There are few passions that equal the energy generated by protest and rebellion. To find yourself amidst a gathering of citizens demanding change in a collective voice is a personal experience, that for most participants, endures beyond the promise of reformation. For the past several years Sylvia de Swaan has been working on a project, Pledging Allegiances, photographing rallies, marches and other kinds of public gatherings form Atlanta to Prague. This past fall de Swaan participated in our Artist-in-Residence program printing and editing work from this series, and working on a series retracing some of the routes her family traveled in Europe during 1945-51, as they were displaced from Romania during World War II.
In the image to the right, de Swaan holds a photograph clipped from her childhood passport against the blurred landscape outside her train compartment on the Baltic Express. The reflection of her arm in the window suggests a haunting reminiscence of a memory yet to be captured, and a transparent link from past to present. On the following page at a march for Women's Equality in Washington, DC, de Swaan isolates a young woman caught in a defiant posture of crossed arms, her face turned in a scowl of loathing. The young woman's posture of resistance is carried through in the creative independence exhibited by the eclectic nature of her clothes and the flamboyant style of her hair. De Swaan has chosen her as a symbol of the rally, positioning her next to a blank banner where we imagine the next chapter in the history of women's equality could be written.
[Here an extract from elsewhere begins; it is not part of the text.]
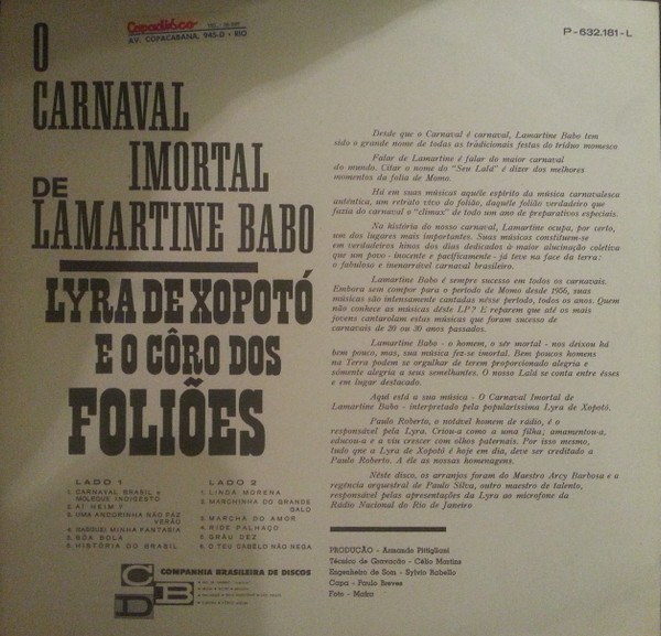 € 9.00 Media: Very Good Plus (VG+)Hoes: Very Good (VG)Lyra De Xopotó E O Coro De Folioes – O Carnaval Imortal De Lamartine Babo (LP, Album, Mono)

In the final image reproduced here, we need the caption of the photograph to inform us that the crowd of demonstrators was photographed in Prague in 1990, not Berkeley in 1968. In this image there are no signs to tell us the specific nature of the crowds questions, only two-finger peace symbols flash throughout the crowd suggesting a plea for sensibility and humanity. It is in this absence of concrete reference where de Swaan looks for the 'equation between conviction and prejudice in the collective energy that demonstrators generate.' As she records the passion of mass demonstrations and traces her memory of political displacement, she reminds us that the human choir of intervention may also be the blind catharsis of unashamed bigotry.
Jeffrey Hoone (c) 1990
Sylvia de Swaan is a Romanian-born photographer who has lived and worked in Mexico, Europe, and the United States. As she describes in her artist statement, her photographic works explore a range of themes that include personal history, individual and collective memory and identity, the state of the world and the neighborhood where she lives.
She has worked with Light Work in many ways, including an exhibition in 1980, multiple Light Work Grants, and two residencies. She has also served on Light Work’s board of directors. De Swaan is the recipient of a Lucie Award, and fellowships from the New York Foundation for the Arts, the Constance Saltonstall Foundation, and the Aaron Siskind Foundation, and more. She has completed residencies at Light Work, CEPA, Anderson Ranch Art Center, Künstlerhaus in Vienna, the Bemis Center for Contemporary Art, and the Viginia Center for the Creative Arts.